Measurement without judgement is like assembling ingredients and weighing them without knowing what you want to cook or what it should taste like.

I used to believe that performing an exercise correctly was about achieving a full range of motion. I thought that a bench press should involve touching the bar to your chest at the bottom and locking out the elbows at the top.

But what is happening externally – the arc describing the movement of the barbell over time – does not necessarily tell you what’s happening internally, like the stresses experienced by structures inside your body, or the tolerances those structures have. And it does not necessarily reflect your subjective experience of that movement.

Analysing posture and assessing movement with arbitrary screening protocols often leads us to make misguided attempts to correct issues that arise from natural and immutable variations in the structure of the human body.

I’ve seen personal trainers instruct clients to do “full range of motion” squats, far beyond the current limits of their mobility (and most likely beyond what they can safely tolerate).

(If you’re a personal trainer, remember: the client has all the answers, it’s your job to ask questions. You must not impose your beliefs on them.)

You should focus more on internalising the practise of training, understanding the capabilities and limitations of your body, and interpreting the feedback it’s giving you.

There are devices that can tell you how many steps you’ve taken as you walk through a park, how much distance you’ve covered, and approximately how many calories you’ve burned.

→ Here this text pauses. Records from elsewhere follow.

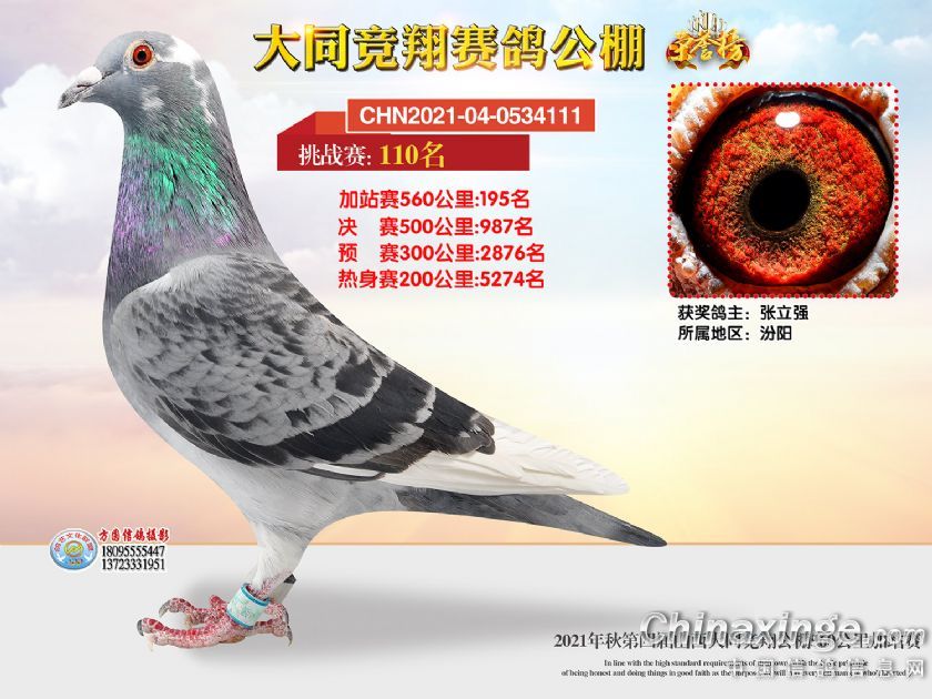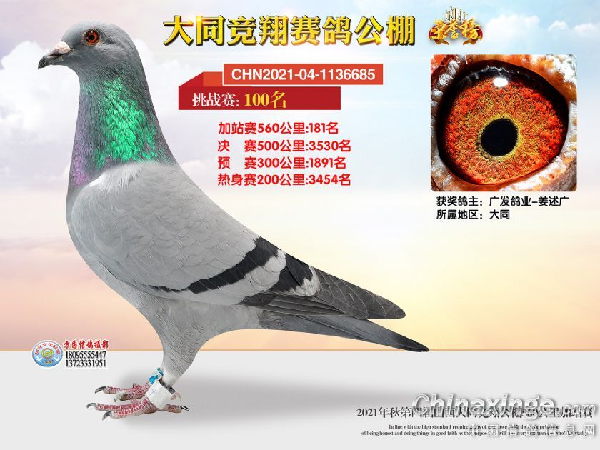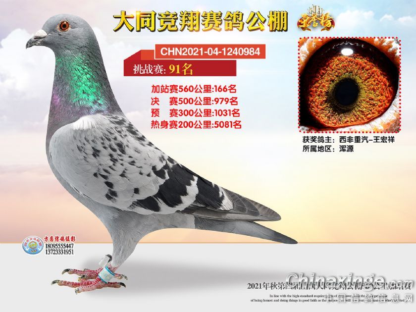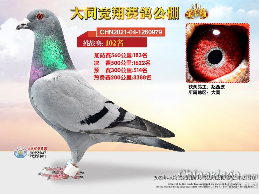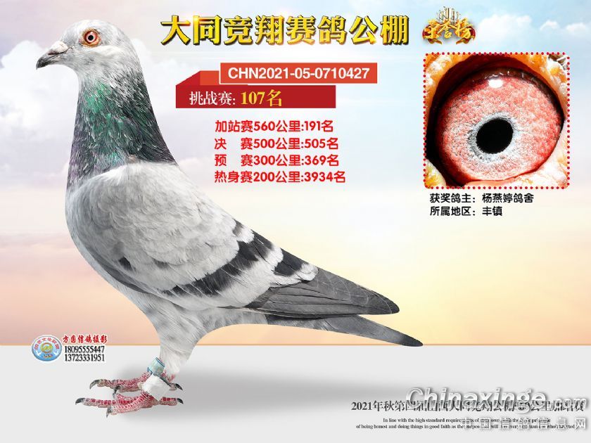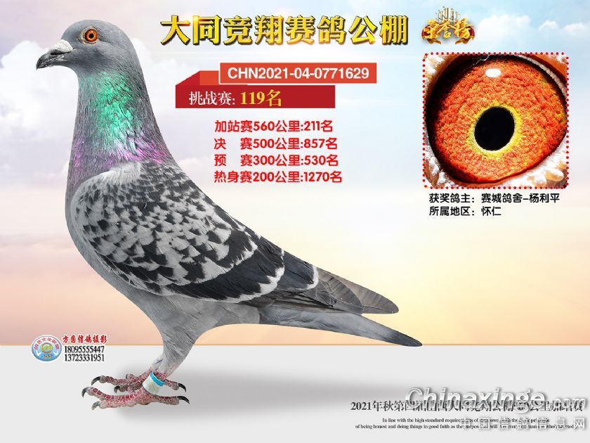 作品说明: 2021年秋季山西大同竞翔赛鸽公棚加站赛获奖鸽照片91-120
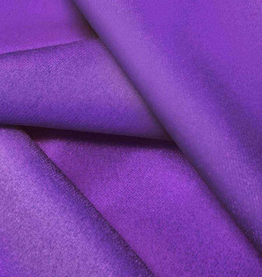 La Tela de Terciopelo Retro - Paris en color Morado Uva (CMYK: 75 87 0 0) es suave, brillante y elástica. Este color combina muy bien con tonos neutros como blanco, gris y negro, así como con tonos metálicos como oro y plata. La tela está impresa con este color liso a una sola cara por impresión digital textil.
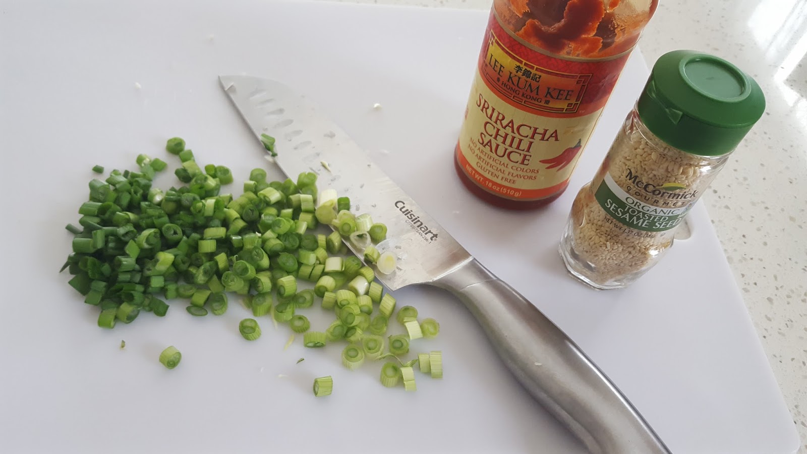 Sriracha, sliced green onion and toasted sesame seeds, for garnish

But that tells you nothing about how it feels to be in a natural environment, how it helps you relax, or the way that walking permits creative thoughts to flow. And when you forget those things, you’re losing essential components of the experience, reducing it to parameters that describe only the mechanical process of walking. The same number of steps taken on a treadmill in an artificially lit gym, watching Netflix on your mobile, does not create the same effect.

And does knowing the number of steps you took really help you?

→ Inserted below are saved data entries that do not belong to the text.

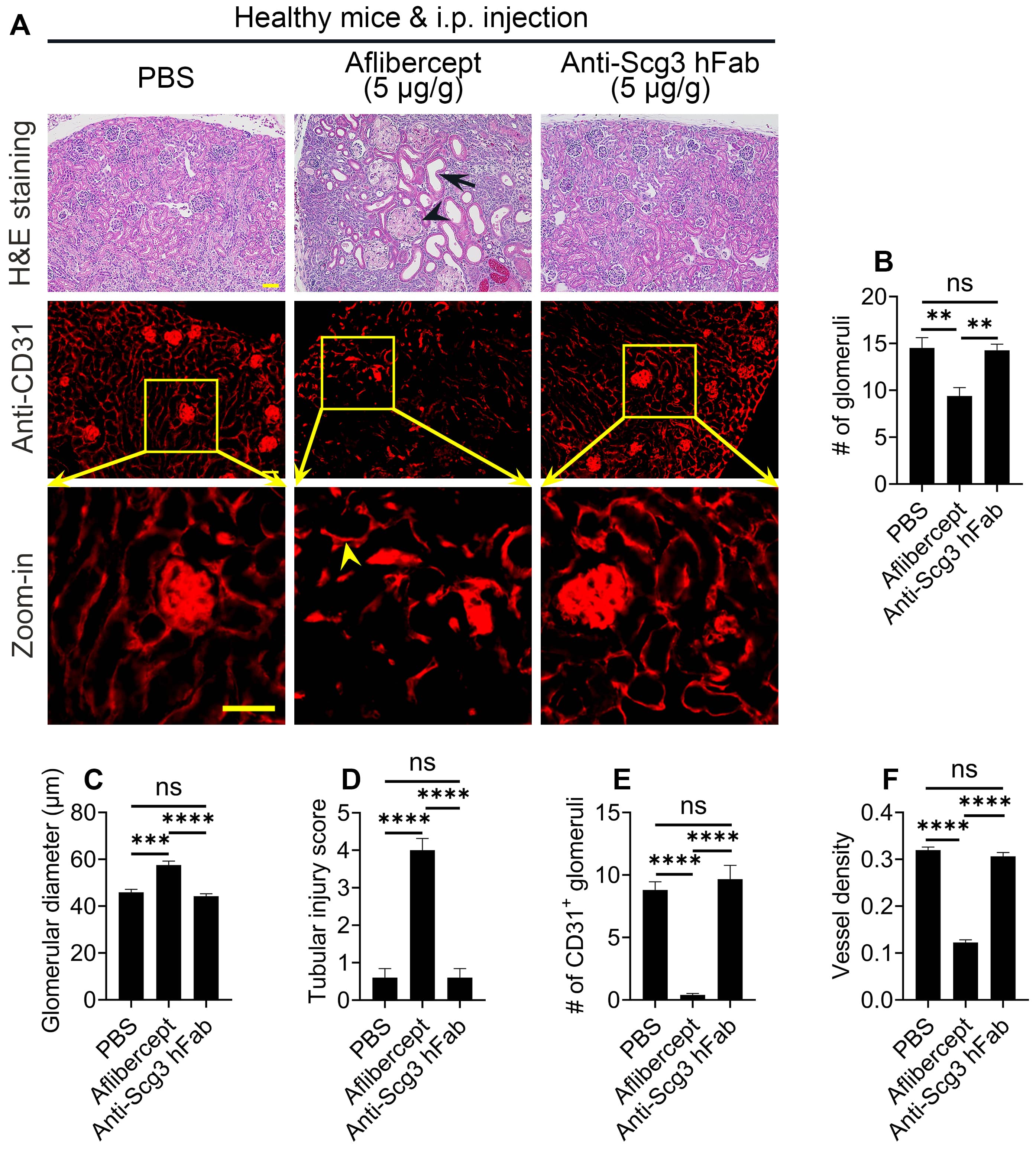 The kidney is one of the most vascularized organs, and systemic bevacizumab for cancer therapy is known to cause proteinuria [12, 23]. Here, we injected i.p. aflibercept or anti-Scg3 hFab into healthy neonatal mice and compared the effects on kidney development. Histological examination revealed that aflibercept significantly reduced the number of glomeruli and increased the glomerular size (Fig. 4A, top row; Fig. 4B,C). Additionally, H&E staining detected dilation of renal tubules in aflibercept-treated mice (Fig. 4A, top panel), and quantification revealed significantly increased tubular injury score in the aflibercept group (Fig. 4D).
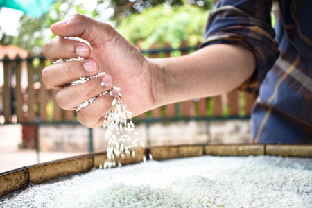 Close up Thai women holding jasmine rice in their hands. Health food products.
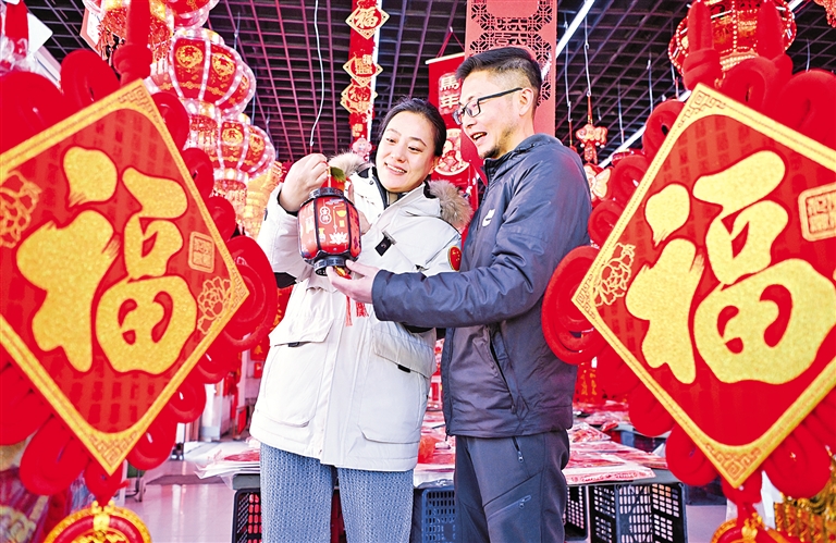 2月11日,呼和浩特市民在保全庄农贸市场选购春联、福字等节庆饰品。随着春节临近,呼和浩特市各大超市、沿街商铺纷纷开设春联专区,象征着吉祥与团圆的春联、福字、年画等年货商品琳琅满目,市民根据各自喜好选购不同款式,年货市场红火热闹,处处洋溢着喜庆祥和的节日氛围。本报记者 孟和朝鲁 摄

Perhaps, if your goal is to track activity, it may help you drive a change in your behaviour. We often use measurements as proxies for what we really want. But if we really want to be healthy, we need to pay attention to the things we can’t measure too, it’s not about mindlessly hitting targets.

Understand that your internal state drives the actions that manifest in your external state. Self-quantification is not self-awareness.

And don’t quantify at the expense of quality.